The defendants do not argue that they are misjoined because not jointly liable, but claim only that the village is misjoined because not shown by the bill to be interested in the litigation. But as a general rule, only the defendants that are misjoined can demur for want of interest, as the objection is regarded as a personal privilege. Thus, in Hastings v. Belden, 55 Vt. 273, some of the defendants demurred for that another defendant not demurring was not a proper party for want of interest, and it was held that the non-demurring defendant alone could make the objection, citing Story’s Eq. PI. Redf. Ed. §544, where it is said that for misjoinder of defendants, only those who are misjoined can demur. Whitbeck v. Edgar, 2 Barb. Ch. 106; Crosby v. Berger, 4 Edw. Ch. 210; Miller v. Jamison, 24 N. J. Eq. 41; 15 Ency. Pl. & Pr. 698; 16 Cyc. 205.
As to the Statute of Limitations, the demurrer is too large, for it goes to the whole bill, whereas, if good at all, which we do not decide, it is good only for what lies back of the statutory period, for the case is one of continuous injury without fresh violence, and of constantly accruing damages, which the statute can cut off only back of six years from suit brought. Thus, where the trustees of a turnpike road built buttresses to support it on the land of A, who thereupon sued them and their workmen in trespass for the erection, and accepted money paid into court in full for the trespass, it was held that after notice to the defendants to remove the buttresses and a refusal to do so, A might bring another action against them for keeping and continuing the buttresses on the land, and that the former recovery was no bar. Holmes v. Wilson, 10 Ad. & E. 503. And see Hudson v. Nickolson, 5 M. & W. 437; Thompson v. Gibson, 7 M. & W. 456; Bowyer v. Cook, 10 C. B. 236. So the wrong*52ful and continuous diversion of the water of a spring is a continuing injury and affords a constantly accruing cause of action, and the statute cuts off recovery only back of the statutory period. Colrick v. Swinburne, 105 N. Y. 503, 12 N. E. 427. The same is true of a wrongful continuous flowing of land by means of a dam. Baldwin v. Calkins, 10 Wend. 167; Reed v. State, 108 N. Y. 407, 15 N. E. 735; Wells v. New Haven & Northampton Co., 151 Mass. 46, 21 Am. St. Rep. 423, 23 N. E. 724.

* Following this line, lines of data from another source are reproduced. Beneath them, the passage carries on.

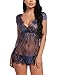 【Diseño atractivo】night El camisón Babydoll tiene un diseño atractivo, frente abierto con una taza de encaje de lencería, mini vestido de encaje, túnica de camisón de encaje estilo malla de pestañas transparentes, muestra su encanto fascinante.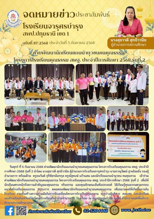 กิจกรรมค่ายพัฒนานักเรียนแกนนำยุวชนคนคุณธรรม โครงการโรงเรียนคุณธรรม สพฐ. ประจำปี 2568 (รุ่นที่2)
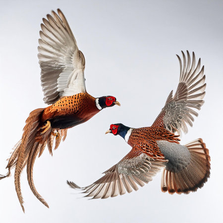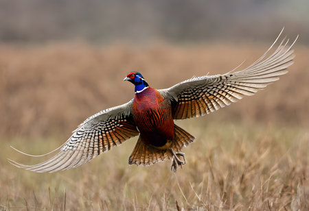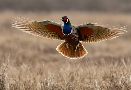 Ringneck Pheasant (Phasianus colchicus) in flight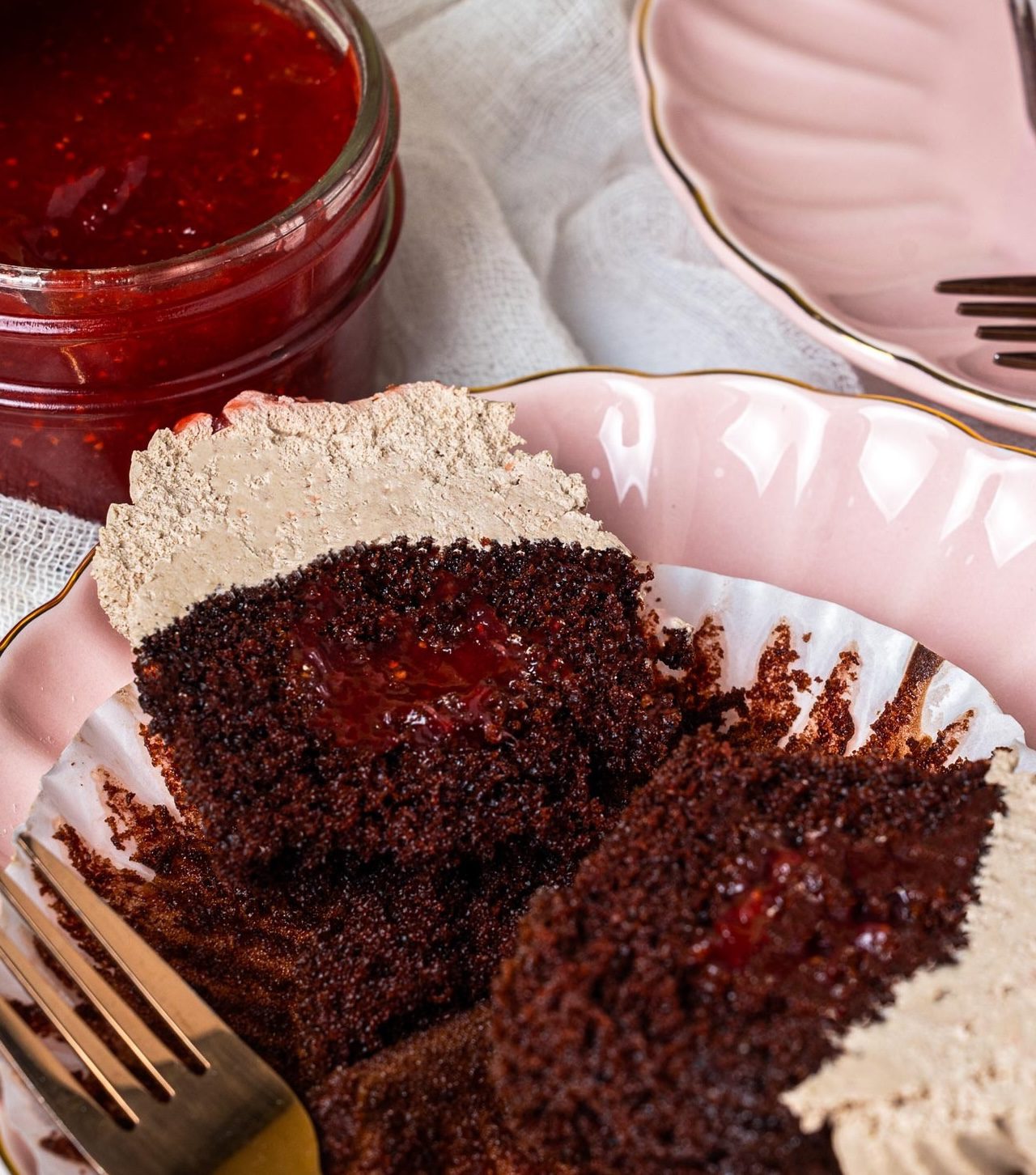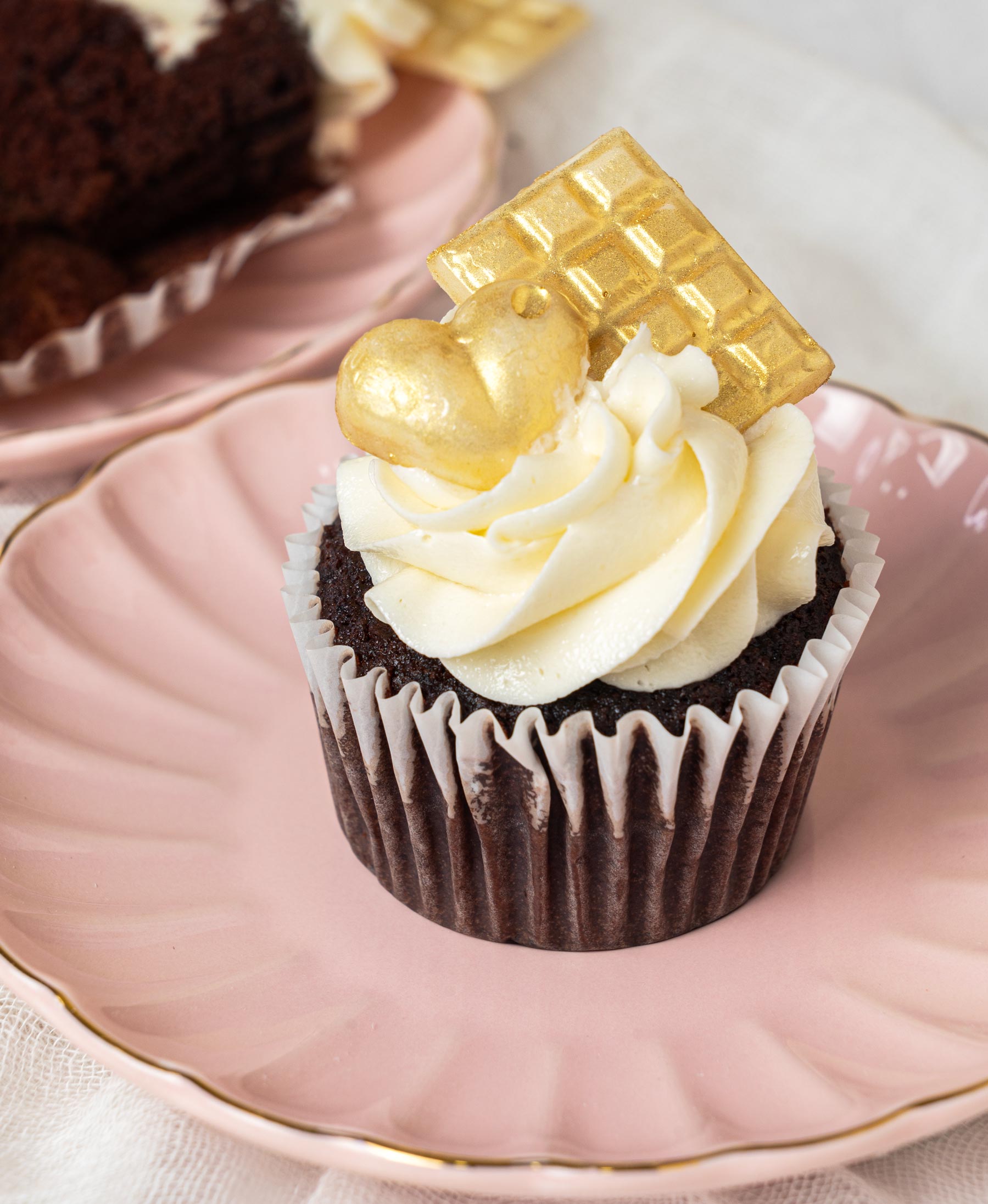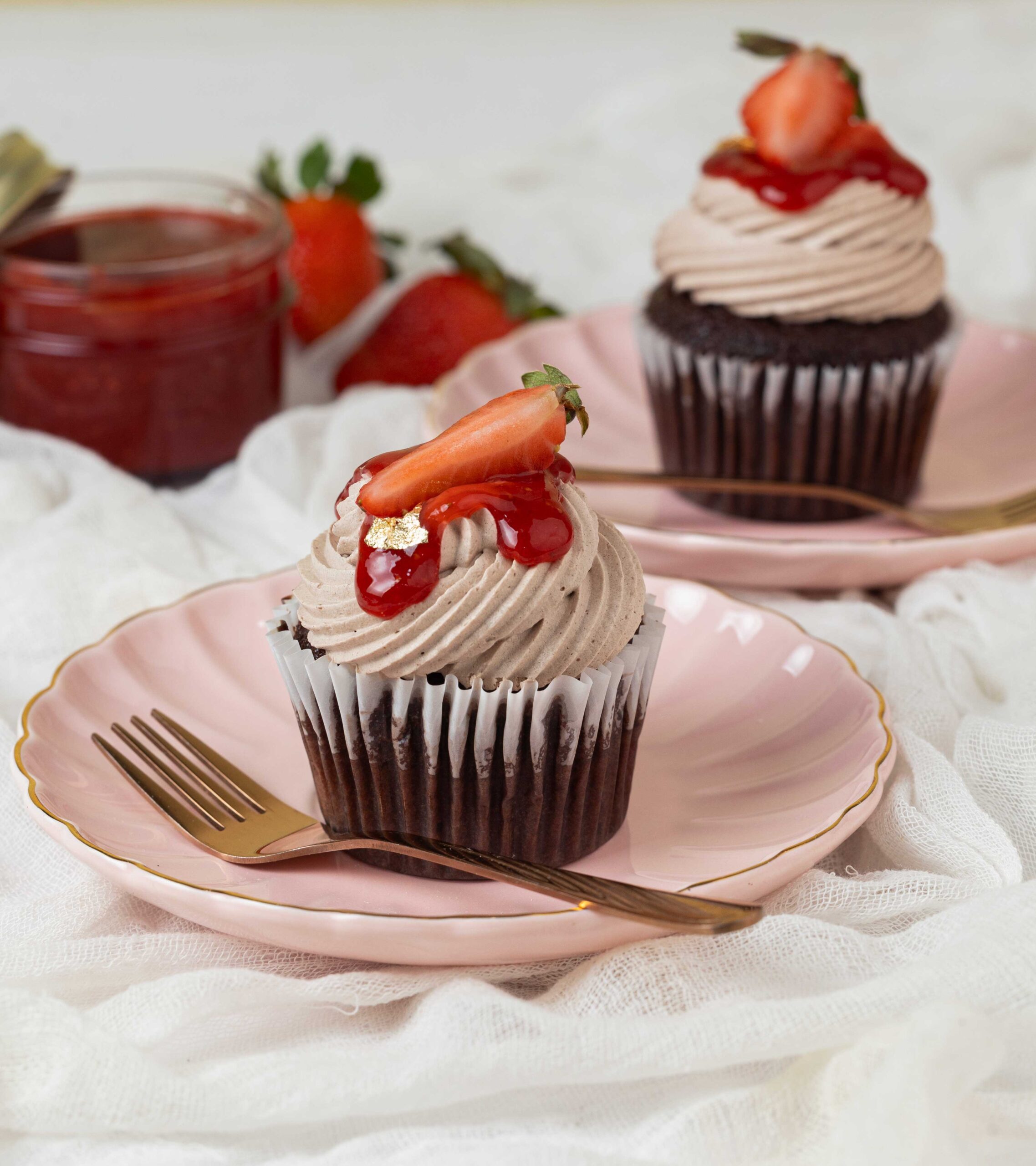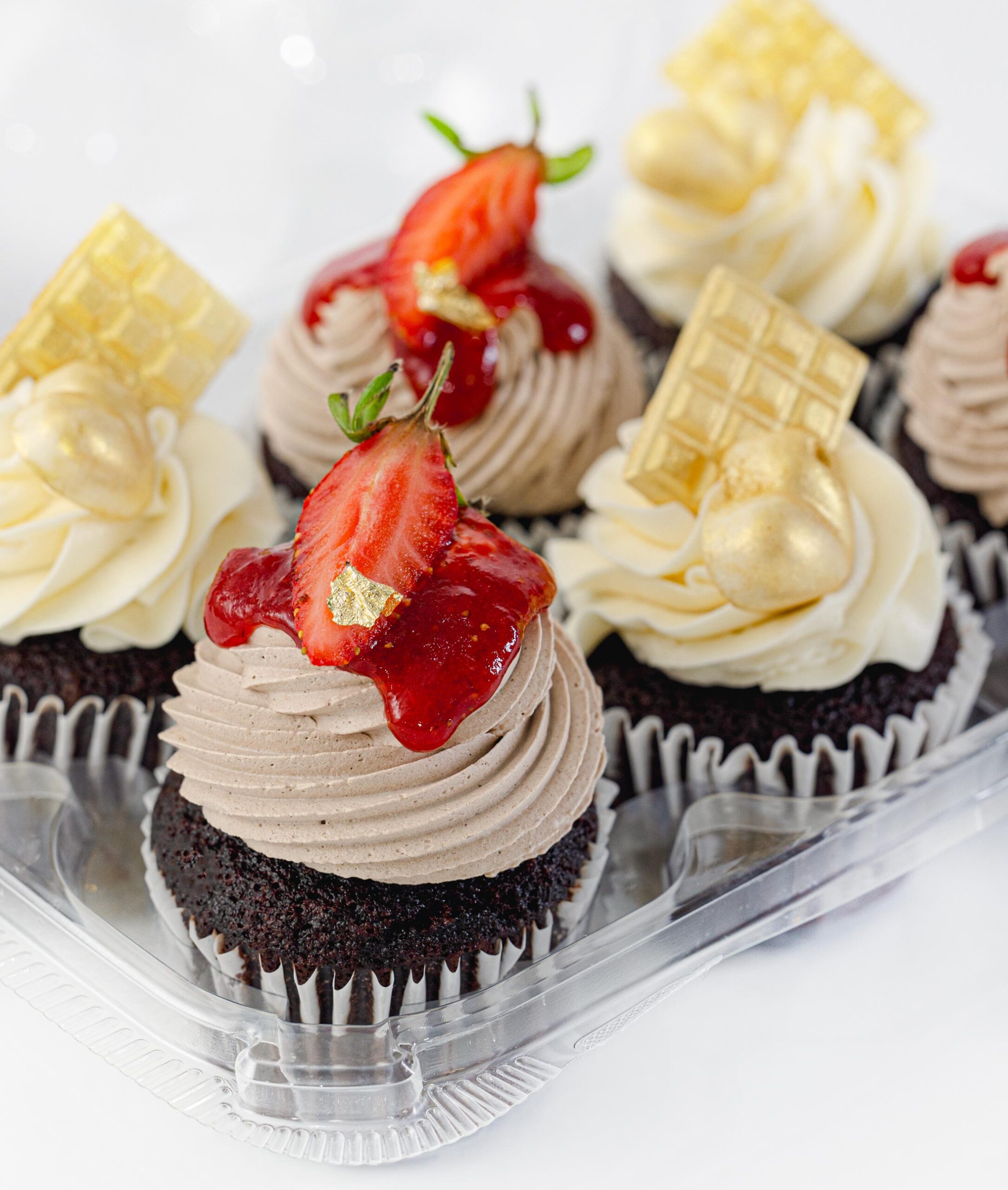 Creamy Valentine cupcakes made with high-quality & fresh ingredients. Filled with home-made jam and cheese filling. Topped with Fresh strawberries and white chocolate

The orator’s case, however, does not, as they claim, come within the cases in this State where a railroad company enters upon land and builds its road without assessing and paying the damages, for those cases go upon the ground that the company has done a lawful act in so doing, the lawfulness resulting from the consent of the landowner. Austin v. Rutland R. R. Co., 45 Vt. 239.
But here the defendants, in laying out' and constructing the highway, were guilty of an unlawful entry and a trespass upon the property of the life tenant, and as that trespass was continuous in nature, it became and was a trespass as to the orators when their interest in the land vested in possession if not before; and though they might then have maintained an action of trespass for a continuation of the material and structures put and placed upon the land, yet that action would not have been an adequate remedy for the whole wrong, for the trespass being continuous in nature, afforded a constantly accruing cause of action, and thus necessitated a multiplicity of successive suits at law. So there are two well established grounds on which equity will take jurisdiction of this case and finally dispose of the whole matter, namely, want of an adequate remedy at law, and the prevention of a multiplicity of suits.
Decree reversed, demurrer overruled, bill adjudged sufficient, and cause remanded.